Ripple Gives Investors 10% Return Guarantees in $500M Sale


The $XRP-affiliated payments company has structured its November funding with contractual protections ensuring minimum returns for institutional investors. Ripple granted participants, including Citadel Securities and Fortress Investment Group, put options and liquidation preferences, Bloomberg reported Monday.


Investors received rights to sell shares back to #Ripple after three or four years at guaranteed 10% annual returns unless an initial public offering occurs first. The company retained #buyback options at matching intervals but would owe 25% annualized returns if it exercised those rights early.


Liquidation clauses prioritize new investors over existing shareholders in acquisition or bankruptcy scenarios. The structure would require Ripple to pay approximately $732 million to repurchase the entire stake after four years at the minimum return rate.


Marshall Wace, Brevan Howard, Galaxy Digital, and Pantera Capital participated in the round, valuing the company at $40 billion. The investors negotiated downside protection uncommon in #cryptocurrency investments, securing asymmetric risk-reward profiles through contractual mechanisms.


Due diligence materials indicated that participating funds calculated that $XRP holdings represent at least 90% of Ripple's net worth.

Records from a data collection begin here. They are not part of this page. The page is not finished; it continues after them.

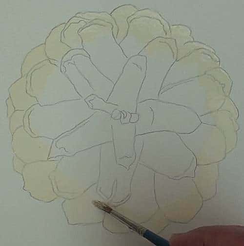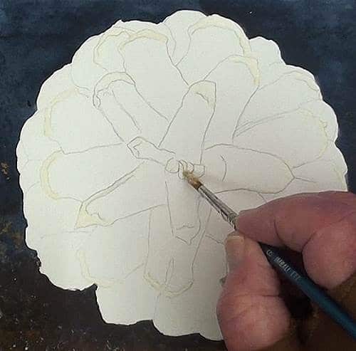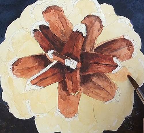 We now need to protect the very light areas within the cone with masking fluid. When you have done that and the masking fluid is dry, we can now paint in a light Yellow undercoat. Dry it with a hairdryer.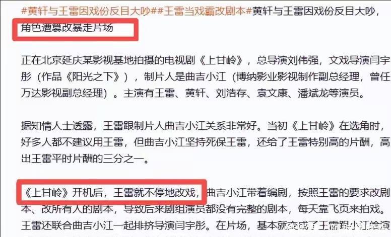 不过,王雷口碑之所以一度受损,还得从拍戏“改戏风波”说起。在《上甘岭》的拍摄过程中,王雷与黄轩的一场对手戏原本令人期待,却爆出王雷“加戏、改戏”未提前沟通,对方甚至传出要罢演。其实,演员根据自己理解调整剧本并非罕见,但为了整体节奏与协同行进,及时沟通必不可少。王雷那次争议就因没即刻通知剧组伙伴,导致信息不一致,产生误伤。之后相关人员出来解释,也算化解了风波,但“戏霸”的名号也不胫而走。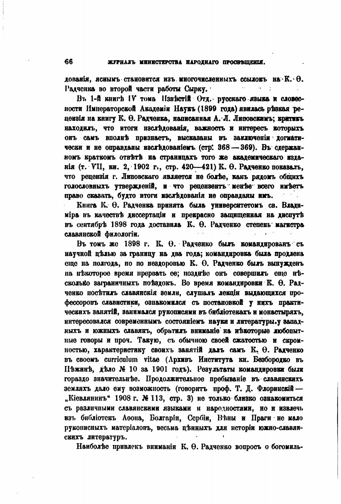 Въ томъ жо 1898 г. К. О. Радченко быхь тиандированъ • сь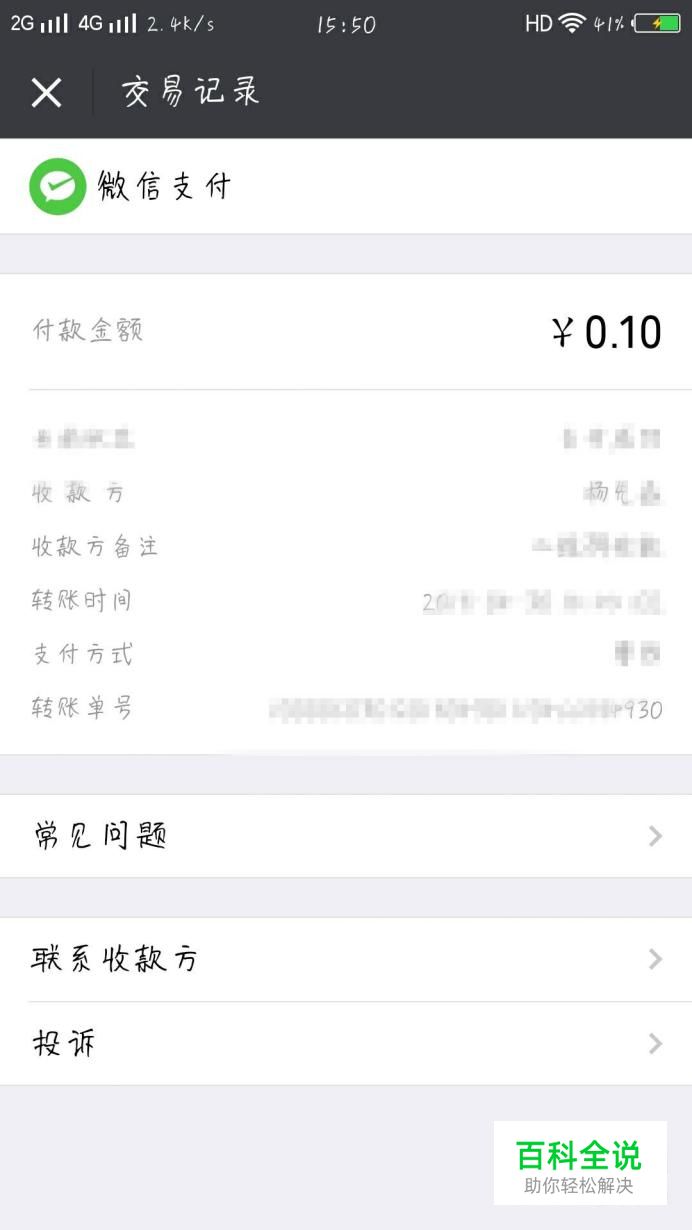 点击“交易记录”,在“交易记录”页面找到相应的交易记录并点击,进入交易详情,如图所示。

The investment effectively wagered on token appreciation with insurance against unfavorable outcomes through guaranteed exit options.


Company disclosures from July showed $124 billion in $XRP holdings, with substantial portions locked in escrow or released on predetermined schedules. The #token has dropped over 40% from peak values in mid-July and declined roughly 16% since late October when the funding round was announced.


Similar protection structures appeared in Brevan Howard's Berachain #investment earlier this year.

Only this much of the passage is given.